El proceso de importe mitocondrial empieza cuando las proteínas precursoras son desplegadas por Chaperonas (proteínas que manipulan el plegamiento de las proteínas) citosólicas que las guían a la puerta central de entrada mitocondrial, una translocasa situada en la membrana exterior, el complejo TOM (acrónimo Translocase of the Outer Mitocondrial Membrane en inglés). Una vez en la translocasa, las proteínas precursoras dependiendo de su localización final en los distintos compartimentos de la mitocondria siguen diferentes vías de importación mitocondrial.
La estructura y no la secuencia es reconocida por receptores específicos: las secuencias lineales son muy diferentes (no las secuencias consenso definidas). La cavidad hidrofóbica del receptor de la membrana externa Tom20 interacciona con los residuos hidrofóbicos.
Las proteínas que portan señales presecuencia (una secuencia de 25-30 aminoácidos situada en extremo amino terminal de esas proteínas constituida por aminoácidos cargados mayoritariamente de forma positiva, como la mayoría de las proteínas de la matriz mitocondrial), son importadas por una translocasa presecuencia situada en la membrana interior, el complejo TIM23 (acrónimo de Translocase of the Inner Mitocondrial Membrane en inglés), de una manera que depende del potencial eléctrico que existe a través de la membrana interna. Una proteína motora potenciada por ATP asociado (PAM) a esa translocasa es requerido para completar la translocación a la matriz mitocondrial, donde una peptidasa procesadora de la matriz escinde finalmente la presecuencia. Las proteínas integradas en la membrana interna (e.g. las proteínas transportadoras, intercambiadores antiportes de ATP/ADP, Piruvato/OH- (iones hidroxilo, Pi/OH-, etc…) son guiadas por complejos de pequeñas proteínas Tim a través del espacio intermembrana e insertadas en la membrana por una translocasa transportadora dependiente del potencial eléctrico de membrana, el complejo TIM22. Así, el transporte de proteínas precursoras a través de la membrana exterior y el espacio intermembrana requiere dos fuerzas directoras de la membrana interna: esto es el potencial de membrana y la fuerza proporcionada por la hidrólisis de ATP en ADP+ Pi del complejo PAM.
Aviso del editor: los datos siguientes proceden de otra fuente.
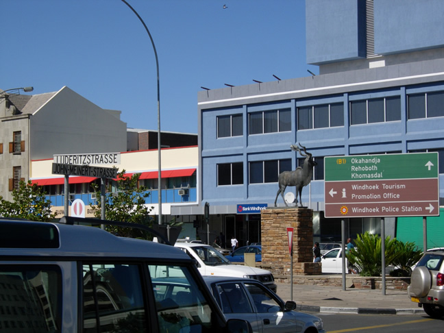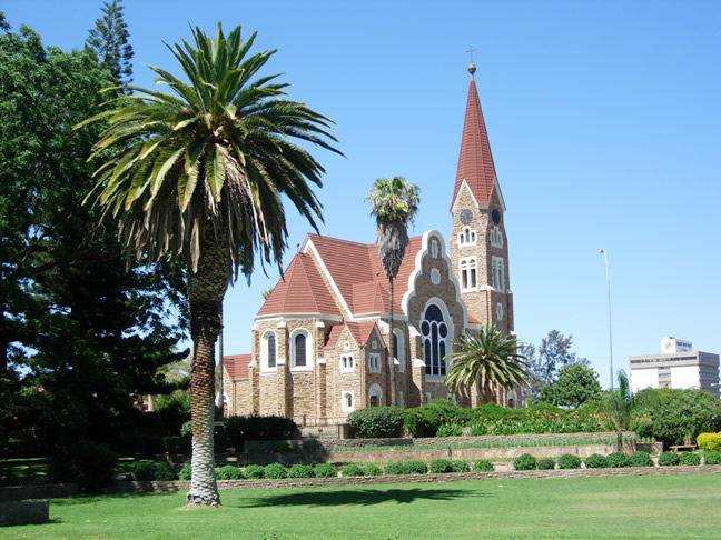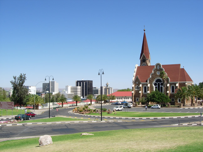 uitstrekt tot de Namib woestijn en de kust. Door de hete waterbronnen (in het huidige Klein Windhoek district) stond Windhoek oorspronkelijk bij de Khoikhoi (Nama) bekend als Ai-gams (stoom, vuurwater) en bij de Herero als Otjomuise (plaats met rook). Deze bronnen zijn eeuwenlang gebruikt door de San en Nama, die met hun dieren door het gebied trokken. Het huidige Windhoek is rond 1840 gesticht door Oorlam leider Jonker Afrikaner. Het verhaal gaat dat hij Wind Hoock heeft vernoemd naar zijn geboortehuis in de Kaap, maar daar is geen feitelijk bewijs voor. In de tijd dat Jonker hier verbleef diende de plaats als handelspost tussen de Oorlam/Nama and Herero. Jonker gebruikte het ook als hoofdkwartier van waaruit hij met zijn commando’s vee stal van de Herero die ten noorden van Swakop River leefden. Na de dood van Jonker in 1861 werd Windhoek verlaten totdat rond 1870 missionaris Schröder zich hier vestigde. Eind 19de eeuw, tijdens de Duitse koloniale bezetting, moest Major Curt von François vrede zien te bewerkstelligen tussen de oorlogvoerende Nama en Herero. In 1890 trokken de Duitsers zich, onder zijn leiding, in Windhoek terug nadat ze door Nama leider Hendrik Witbooi uit Otjimbingwe en Tsaobis waren verdreven. Dit viel samen met de dood van Herero leider Maherero. Tegen de tijd dat zijn opvolger Samuel Herero afgezanten naar Windhoek stuurde, waren de Duitsers al een heel eind gevorderd met het bouwen van het fort, de Alte Feste. Het fort fungeerde als hoofdkwartier van de zogenaamde Schutztruppe. Windhoek groeide, als centrum van de Duitse kolonie, in de jaren hierna rondom het fort verder uit; vooral nadat in 1902 de spoorlijn naar Swakopmund voltooid werd. In die tijd werd er veel gebouwd; onder andere het Tintenpalast, waar nu het parlement zetelt, en de Christuskirche. Het centrum van de stad is te voet goed te bezichtigen; het is immers niet echt groot. In verband met de warmte is het verstandig om ’s ochtends vroeg of aan het eind van de middag te gaan wandelen.

Por otra parte precursores de las porinas (proteínas de tipo beta-barril) de la membrana exterior son transferidas desde complejo TOM para se clasificadas, distribuidas y ensambladas por una maquinaria de ensamblaje (complejo SAM, Sorting and Assembly Machinary en inglés) con la ayuda de pequeñas proteínas llamadas Tim del espacio intermembrana.